Material provided
====
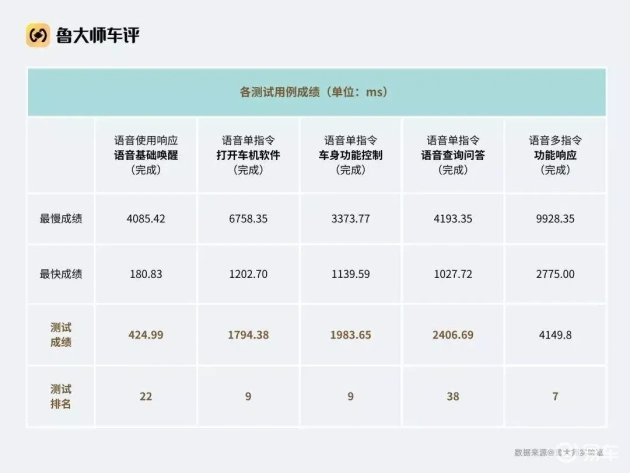 语音系统依然是理想的强项之一。基础唤醒的平均响应时间为425毫秒,能够做到快速反馈,处于行业上游。打开车机软件和控制车身功能的响应时间分别为1.8秒和2.0秒,表现稳定,且均进入榜单前十。
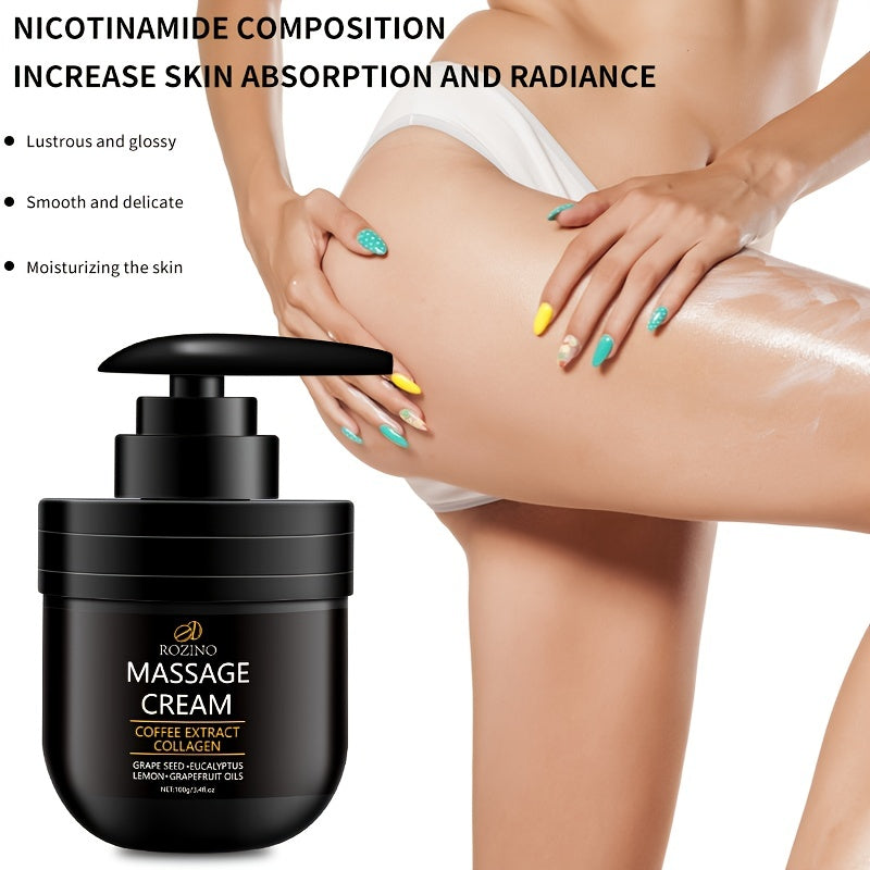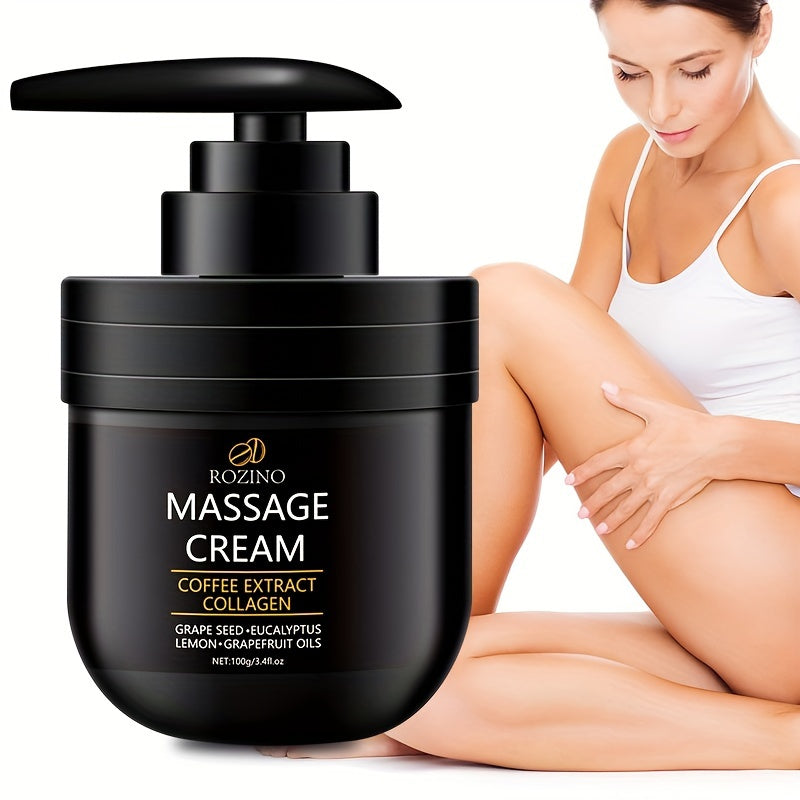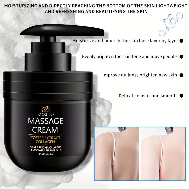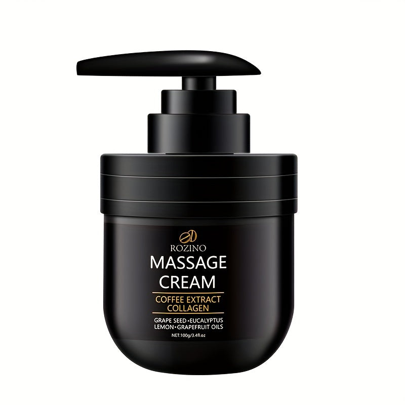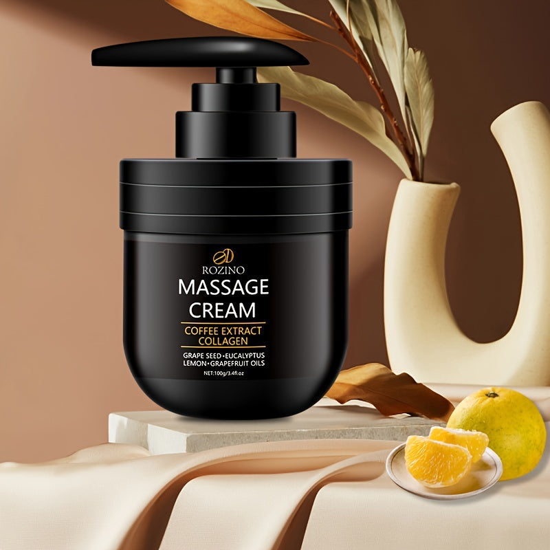 ROZINO Kofe ekstrakti, kollagen, uzum urug'i, eukalipt, limon va greypfrut yog'lari bilan massaj kremi terini namlaydi, yorqinlashtiradi va oziqlantiradi.
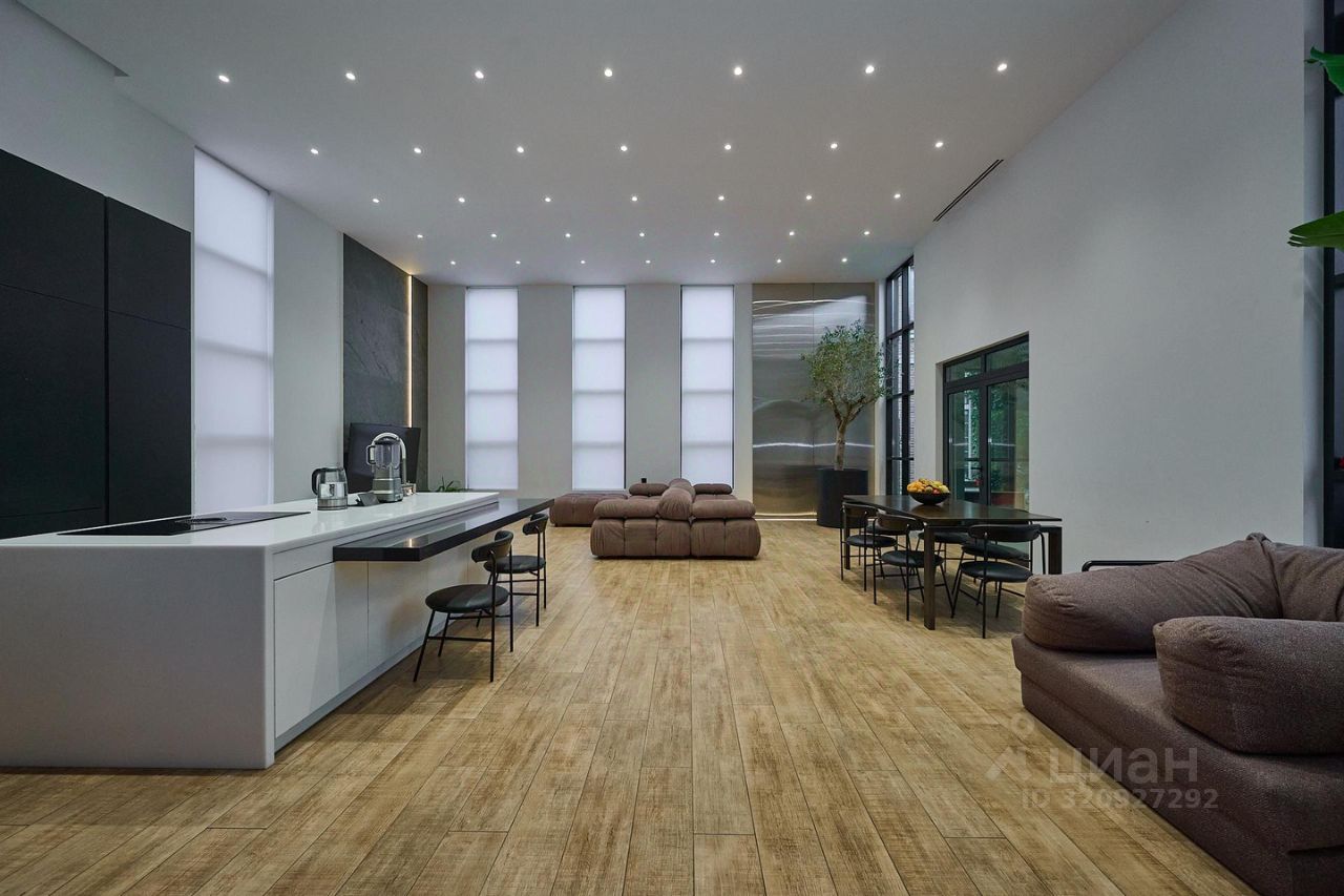 В доме на трех уровнях расположены хозяйская мастер-спальня, детские комнаты, гостевая мастер-комната и комната для персонала, огромная гостиная 75 кв метров с зоной кухни на первом уровне с высокими потолками, прачечная, помещение для элементов управления системами отопления и вентиляции.
====
What you are asked to do
Leave out the pictures, then return every line of the data exactly.

Output for this exercise
 语音系统依然是理想的强项之一。基础唤醒的平均响应时间为425毫秒,能够做到快速反馈,处于行业上游。打开车机软件和控制车身功能的响应时间分别为1.8秒和2.0秒,表现稳定,且均进入榜单前十。
 ROZINO Kofe ekstrakti, kollagen, uzum urug'i, eukalipt, limon va greypfrut yog'lari bilan massaj kremi terini namlaydi, yorqinlashtiradi va oziqlantiradi.
 В доме на трех уровнях расположены хозяйская мастер-спальня, детские комнаты, гостевая мастер-комната и комната для персонала, огромная гостиная 75 кв метров с зоной кухни на первом уровне с высокими потолками, прачечная, помещение для элементов управления системами отопления и вентиляции.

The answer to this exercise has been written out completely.